Cancel culture: What goes around, comes around

A protestor holds a sign during the "#Cancel Kavanaugh Take #MeToo into the Streets" protest on Thursday, Oct. 4, 2018, in Cincinnati. (Albert Ceasare/The Cincinnati Enquirer via AP)

RALEIGH — Television shows or sporting events get canceled all the time for a variety of reasons, but in the last few years, some cancelations have been the result of coordinated campaigns based on hyper-political correctness.

The phenomenon known as “cancel culture” has swept from state to state and country to country for a number of years now.

Cancel culture is an aggressive form of public shaming where a person, group, company or even a product is set upon by an internet mob for having committed some offense, usually highly-subjective nature. Cancel culture can also involve what is known as “de-platforming,” where a website, venue or hosting entity is pressured to drop a user or cancel a scheduled entertainer or invited speaker.

Cancel culture campaigns have often targeted conservatives, such as calling for the firing of conservative commentators Laura Ingraham and Rush Limbaugh.

But it’s not just conservatives. Cancel culture has also set its eyes on the progressives and iconic figures that were off-limits in the past. Recently cancel culture even tried to come for Gandhi over his past views on sexuality and race.

In the true spirit of “what goes around, comes around,” cancel culture has taken down those who were once doing the taking down. Such was the case with Des Moines Register reporter Aaron Calvin.

Calvin exposed racist tweets by a man named Carson King, a beer fan who had received millions in donations from strangers after a joke plea for beer money went viral. King donated the money to charity, but after the tweets surfaced, he was forced to apologize and became the object of public ridicule.

King was only 16 years old when he made those tweets, and backlash ensued. The reporter, who was once hailed for exposing King, was now the target of internet ire. Statements made by Calvin were exposed, including a racial slur and the mocking of same-sex marriage and domestic abuse. Calvin was subsequently fired.

Cancel culture is not just a phenomenon happening in other parts of the country — it’s happening in North Carolina.

The probation for the Stanly County cheerleaders over a Trump sign, the destruction of Confederate statues, or Rep. Duane Hall’s ouster as a casualty of the #MeToo movement can all be considered forms of cancel culture.

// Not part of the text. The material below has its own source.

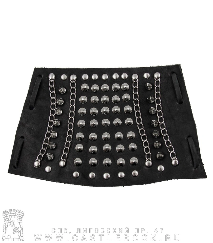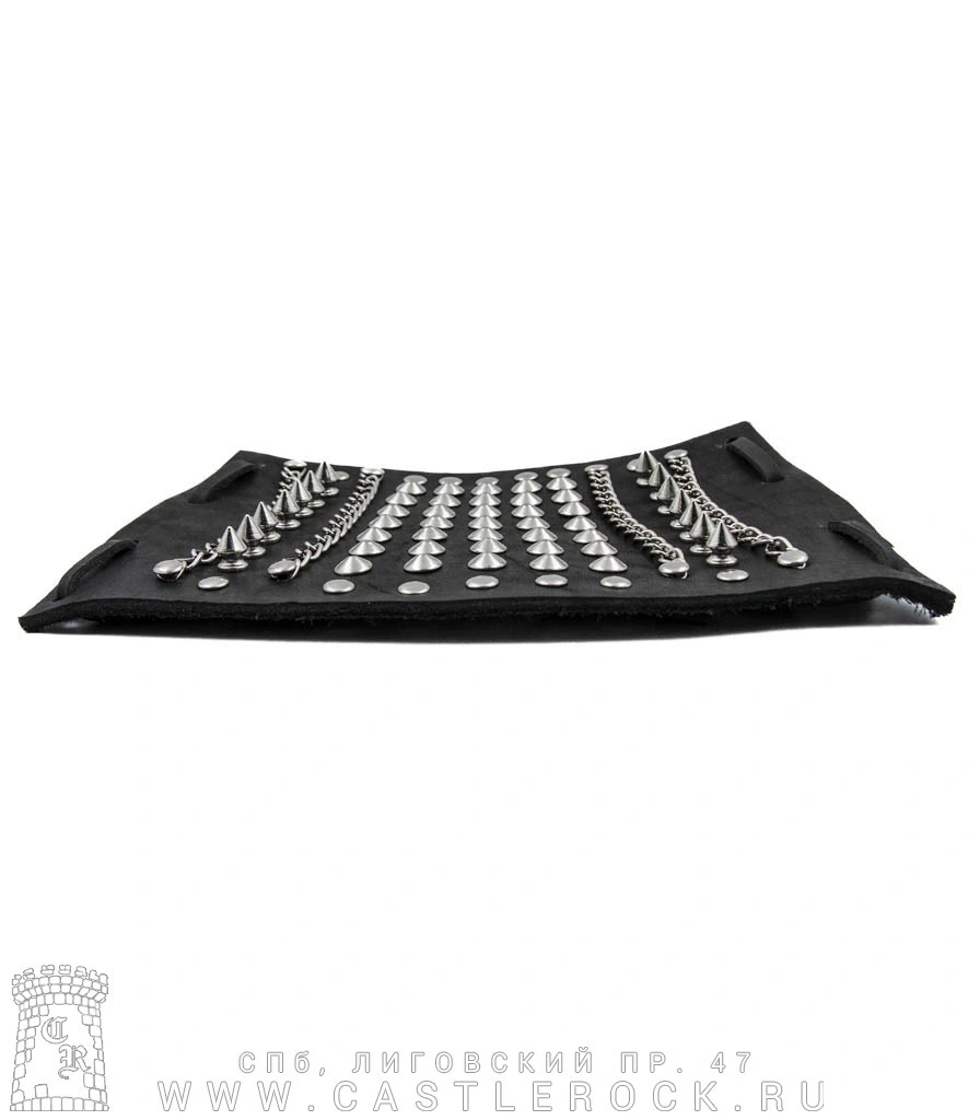 Напульсник кожаный Широкий Шипы, Цепи, Клепки (на шнуровке)

In 2017, Charlotte City Councilwoman Dimple Amjera said in a television interview that Trump supporters have “no place” in the Charlotte government. The following year, the Durham City Council attempted to deplatform Canadian professor Jordan Peterson from his show at DPAC and passed a resolution to block Durham police from training with Israel.

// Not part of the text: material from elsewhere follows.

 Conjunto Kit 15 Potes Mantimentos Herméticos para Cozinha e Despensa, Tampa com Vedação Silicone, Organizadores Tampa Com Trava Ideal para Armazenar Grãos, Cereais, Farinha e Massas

In June of this year, Durham City Councilwoman and Mayor Pro-Tem Jillian Johnson, in a now-deleted tweet, took aim at local area companies doing business with the Customs and Border Patrol.

But North Carolina is unique, as the state had a front-row seat to the emergence of cancel culture during the fight over House Bill 2, the bill which blocked a Charlotte ordinance that dismantled sex-segregated bathrooms for men and women and created new requirements for government contractors.

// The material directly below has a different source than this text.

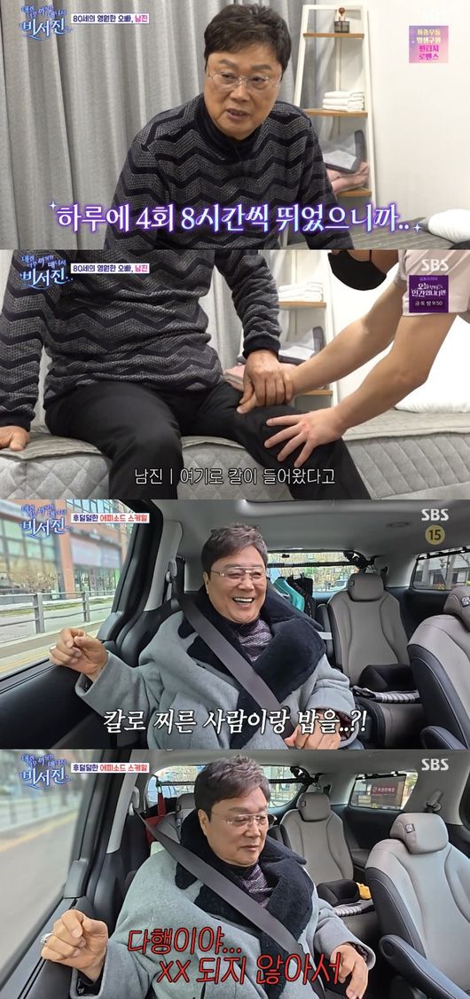한창 마사지 받던 중 남진은 마사지사에게 “내가 왼쪽 다리를 다쳤다. 옛날에 연장을 맞았다. (허벅지) 여기로 칼이 들어왔다. 뒤에서 맞고 앞으로 튀어 나왔다”라고 아찔했던 사고를 떠올렸다.

And what goes around has come around for the NBA after pulling the All-Star game from Charlotte in July 2016 over HB2.

While the NBA was willing to hurt the Charlotte economy to punish the state over House Bill 2, the NBA was not willing to punish China for its treatment of the citizens in Hong Kong. The result has been calls for the NBA to be boycotted, for players to be fired and for the NBA as a whole to apologize for their defense of Communist China.

In a letter to the NBA Commissioner Adam Silver, Missouri Senator Josh Hawley called out the league for “kowtowing to the demands of one of the world’s most brutal regimes in the pursuit of profit.”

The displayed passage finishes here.